-------- Supplied information

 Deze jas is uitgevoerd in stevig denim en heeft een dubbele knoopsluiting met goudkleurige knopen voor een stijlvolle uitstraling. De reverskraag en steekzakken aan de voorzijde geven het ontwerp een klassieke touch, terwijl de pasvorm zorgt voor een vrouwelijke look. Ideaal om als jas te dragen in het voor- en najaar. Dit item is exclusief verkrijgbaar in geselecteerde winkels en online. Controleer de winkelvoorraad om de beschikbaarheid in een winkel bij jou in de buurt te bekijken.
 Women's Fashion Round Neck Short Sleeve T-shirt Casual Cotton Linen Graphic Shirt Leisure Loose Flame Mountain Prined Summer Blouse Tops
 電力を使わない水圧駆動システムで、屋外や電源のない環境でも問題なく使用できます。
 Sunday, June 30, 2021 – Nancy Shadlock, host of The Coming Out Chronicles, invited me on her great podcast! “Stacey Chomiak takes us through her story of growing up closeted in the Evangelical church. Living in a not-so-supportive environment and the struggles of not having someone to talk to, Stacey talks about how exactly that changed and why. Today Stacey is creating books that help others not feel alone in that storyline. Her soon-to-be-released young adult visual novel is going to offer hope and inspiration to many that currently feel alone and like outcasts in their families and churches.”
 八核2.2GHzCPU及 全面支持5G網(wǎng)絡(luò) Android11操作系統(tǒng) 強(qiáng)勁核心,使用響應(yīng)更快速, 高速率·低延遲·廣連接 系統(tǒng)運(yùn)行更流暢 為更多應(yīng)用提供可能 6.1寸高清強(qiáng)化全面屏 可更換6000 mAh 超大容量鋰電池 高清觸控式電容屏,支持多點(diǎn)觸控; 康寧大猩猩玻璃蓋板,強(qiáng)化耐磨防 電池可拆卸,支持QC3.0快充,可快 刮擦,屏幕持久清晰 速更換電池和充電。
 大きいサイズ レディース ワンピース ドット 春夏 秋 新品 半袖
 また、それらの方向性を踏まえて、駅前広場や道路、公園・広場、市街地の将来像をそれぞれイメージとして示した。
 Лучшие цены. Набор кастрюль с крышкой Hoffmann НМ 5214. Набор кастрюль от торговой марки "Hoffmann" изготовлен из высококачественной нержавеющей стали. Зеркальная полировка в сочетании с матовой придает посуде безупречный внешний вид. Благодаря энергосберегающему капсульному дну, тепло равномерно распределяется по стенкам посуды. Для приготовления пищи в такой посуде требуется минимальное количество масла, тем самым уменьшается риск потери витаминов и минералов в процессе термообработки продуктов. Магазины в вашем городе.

----------------

After reading through the material, print all of it again exactly.

- _Your solution_
 Deze jas is uitgevoerd in stevig denim en heeft een dubbele knoopsluiting met goudkleurige knopen voor een stijlvolle uitstraling. De reverskraag en steekzakken aan de voorzijde geven het ontwerp een klassieke touch, terwijl de pasvorm zorgt voor een vrouwelijke look. Ideaal om als jas te dragen in het voor- en najaar. Dit item is exclusief verkrijgbaar in geselecteerde winkels en online. Controleer de winkelvoorraad om de beschikbaarheid in een winkel bij jou in de buurt te bekijken.
 Women's Fashion Round Neck Short Sleeve T-shirt Casual Cotton Linen Graphic Shirt Leisure Loose Flame Mountain Prined Summer Blouse Tops
 電力を使わない水圧駆動システムで、屋外や電源のない環境でも問題なく使用できます。
 Sunday, June 30, 2021 – Nancy Shadlock, host of The Coming Out Chronicles, invited me on her great podcast! “Stacey Chomiak takes us through her story of growing up closeted in the Evangelical church. Living in a not-so-supportive environment and the struggles of not having someone to talk to, Stacey talks about how exactly that changed and why. Today Stacey is creating books that help others not feel alone in that storyline. Her soon-to-be-released young adult visual novel is going to offer hope and inspiration to many that currently feel alone and like outcasts in their families and churches.”
 八核2.2GHzCPU及 全面支持5G網(wǎng)絡(luò) Android11操作系統(tǒng) 強(qiáng)勁核心,使用響應(yīng)更快速, 高速率·低延遲·廣連接 系統(tǒng)運(yùn)行更流暢 為更多應(yīng)用提供可能 6.1寸高清強(qiáng)化全面屏 可更換6000 mAh 超大容量鋰電池 高清觸控式電容屏,支持多點(diǎn)觸控; 康寧大猩猩玻璃蓋板,強(qiáng)化耐磨防 電池可拆卸,支持QC3.0快充,可快 刮擦,屏幕持久清晰 速更換電池和充電。
 大きいサイズ レディース ワンピース ドット 春夏 秋 新品 半袖
 また、それらの方向性を踏まえて、駅前広場や道路、公園・広場、市街地の将来像をそれぞれイメージとして示した。
 Лучшие цены. Набор кастрюль с крышкой Hoffmann НМ 5214. Набор кастрюль от торговой марки "Hoffmann" изготовлен из высококачественной нержавеющей стали. Зеркальная полировка в сочетании с матовой придает посуде безупречный внешний вид. Благодаря энергосберегающему капсульному дну, тепло равномерно распределяется по стенкам посуды. Для приготовления пищи в такой посуде требуется минимальное количество масла, тем самым уменьшается риск потери витаминов и минералов в процессе термообработки продуктов. Магазины в вашем городе.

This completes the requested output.